Environmental Enforcement • Clean Water Act • Mississippi

Khera Petroleum Risked a Major Oil Spill Into the Gulf of Mexico

Khera Petroleum stored nearly 2,380 barrels of gasoline in Mississippi with cracked containment walls, zero spill prevention plan, and untested tanks — and when the EPA finally caught them, the company walked away for $1,000 (roughly the cost of two car payments).

An Oil Company With No Plan to Stop an Oil Spill

Khera Petroleum, LLC operates an oil storage facility at 631 South Gloster Street, Tupelo, Mississippi. Under the Clean Water Act and federal Oil Pollution Prevention regulations, any facility storing significant quantities of oil that sits near navigable water is required to have a written Spill Prevention, Control, and Countermeasure (SPCC) Plan. This is not optional. It is federal law.

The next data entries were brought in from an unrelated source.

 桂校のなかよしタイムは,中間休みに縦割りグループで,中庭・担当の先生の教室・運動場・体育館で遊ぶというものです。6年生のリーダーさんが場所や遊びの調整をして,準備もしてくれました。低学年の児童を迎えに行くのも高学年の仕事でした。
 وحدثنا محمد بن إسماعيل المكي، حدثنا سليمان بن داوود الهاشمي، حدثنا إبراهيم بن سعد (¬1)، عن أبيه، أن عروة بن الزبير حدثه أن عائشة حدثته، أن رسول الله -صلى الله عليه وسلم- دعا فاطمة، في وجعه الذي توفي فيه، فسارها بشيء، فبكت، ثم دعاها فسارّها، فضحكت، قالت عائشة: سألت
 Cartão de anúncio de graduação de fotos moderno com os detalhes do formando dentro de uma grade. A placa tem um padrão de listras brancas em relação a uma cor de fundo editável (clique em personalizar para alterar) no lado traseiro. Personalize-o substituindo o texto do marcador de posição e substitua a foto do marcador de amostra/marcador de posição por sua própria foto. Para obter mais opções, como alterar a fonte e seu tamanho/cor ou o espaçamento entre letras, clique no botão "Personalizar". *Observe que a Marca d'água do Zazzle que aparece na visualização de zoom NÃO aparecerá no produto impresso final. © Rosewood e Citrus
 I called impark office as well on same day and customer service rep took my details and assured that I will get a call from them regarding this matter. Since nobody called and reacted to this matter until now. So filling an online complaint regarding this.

When EPA inspectors walked through Khera’s facility on February 23, 2022, they found no such plan existed. None. The company was operating tanks holding thousands of gallons of gasoline with no documented procedure for what to do if anything went wrong.

The absence of a written plan was just the beginning. The inspection uncovered eight additional, separate violations, all existing simultaneously at the same facility, painting a picture of systematic neglect that went far beyond a paperwork oversight.

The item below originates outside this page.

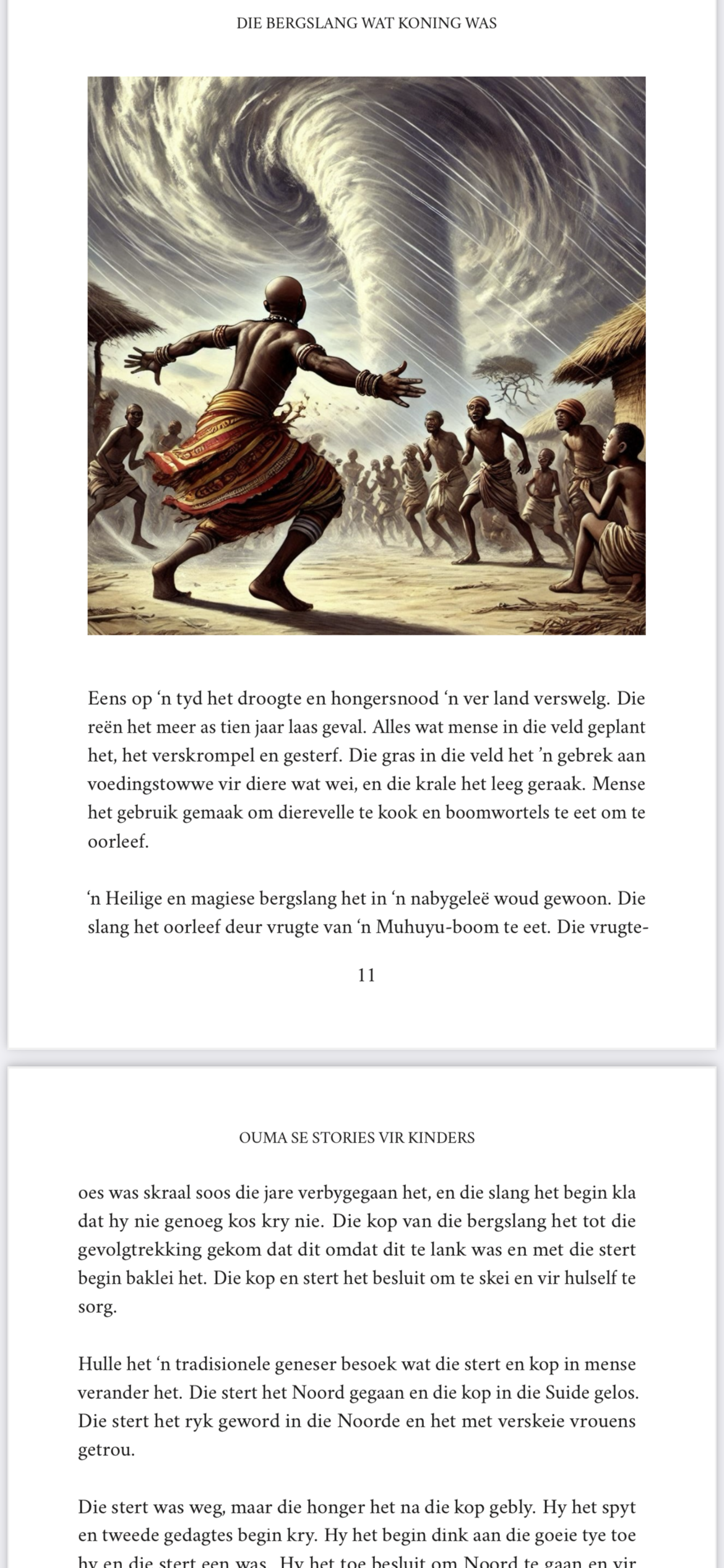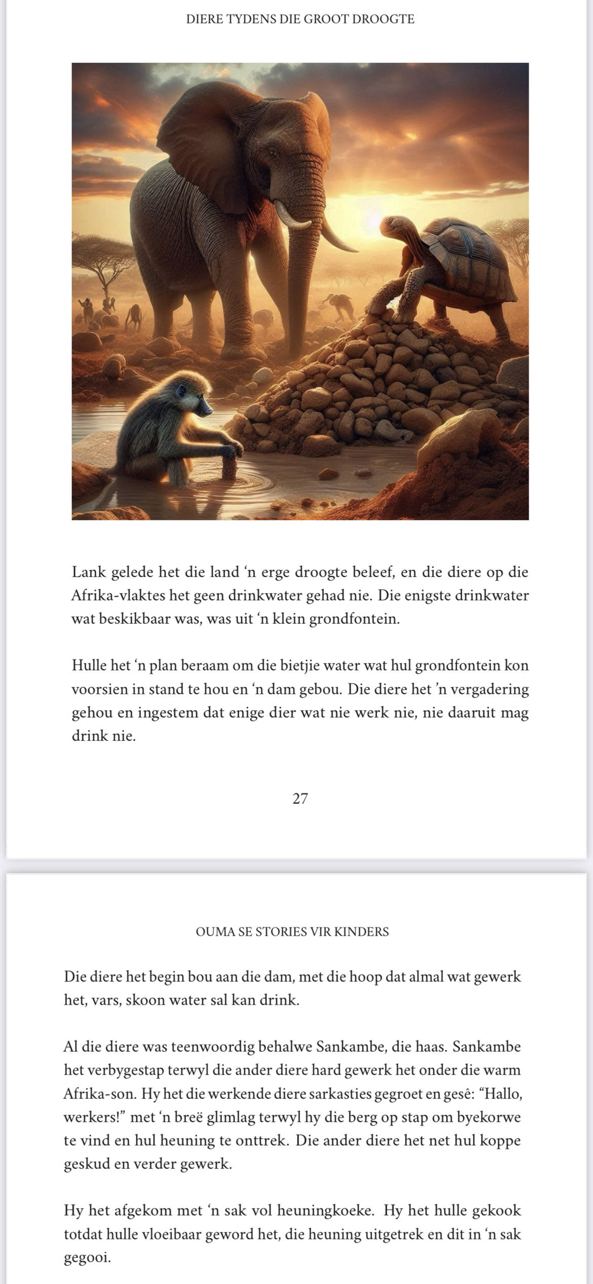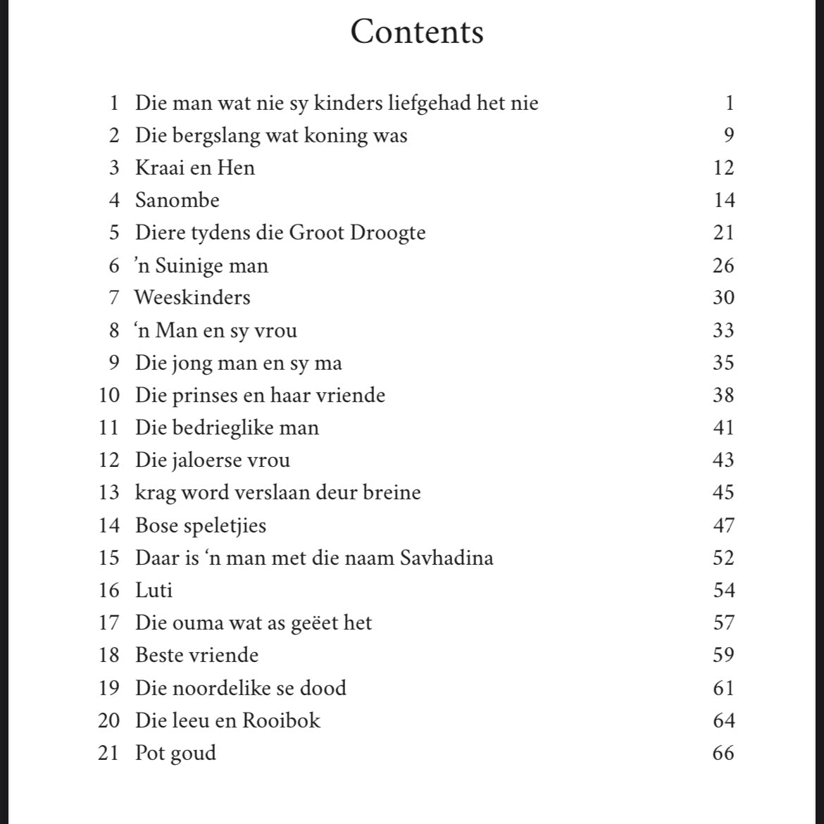 Hierdie boek bevat 21 verhale wat van een geslag na die volgende oorgedra is. En nou gee ek dit aan jou oor.

Nine Failures. One Facility. Years of Risk.

The EPA’s documented violations read like a checklist of everything a petroleum operator must do — and Khera skipped every item. Each failure below is a real, physical condition that existed at the Tupelo facility when inspectors arrived:

  • No written Spill Prevention, Control, and Countermeasure Plan — the foundational document required by law.
  • Holes, cracks, or voids in diked containment walls — the physical barriers designed to catch a spill before it reaches the ground.
  • Bulk storage containers never tested or inspected for structural integrity.
  • No records of inspections or tests maintained — meaning there is no way to know how long conditions were this bad.
  • Oil-water separators not frequently inspected to detect failures that could cause a discharge.
  • Mobile and portable containers had no secondary containment provided.
  • Pipe terminal connections not marked, capped, or flanged when out of service.
  • Aboveground piping, valves, joints, and pipe supports not inspected regularly.
  • No warning devices present to prevent vehicles from damaging aboveground piping during transfer operations.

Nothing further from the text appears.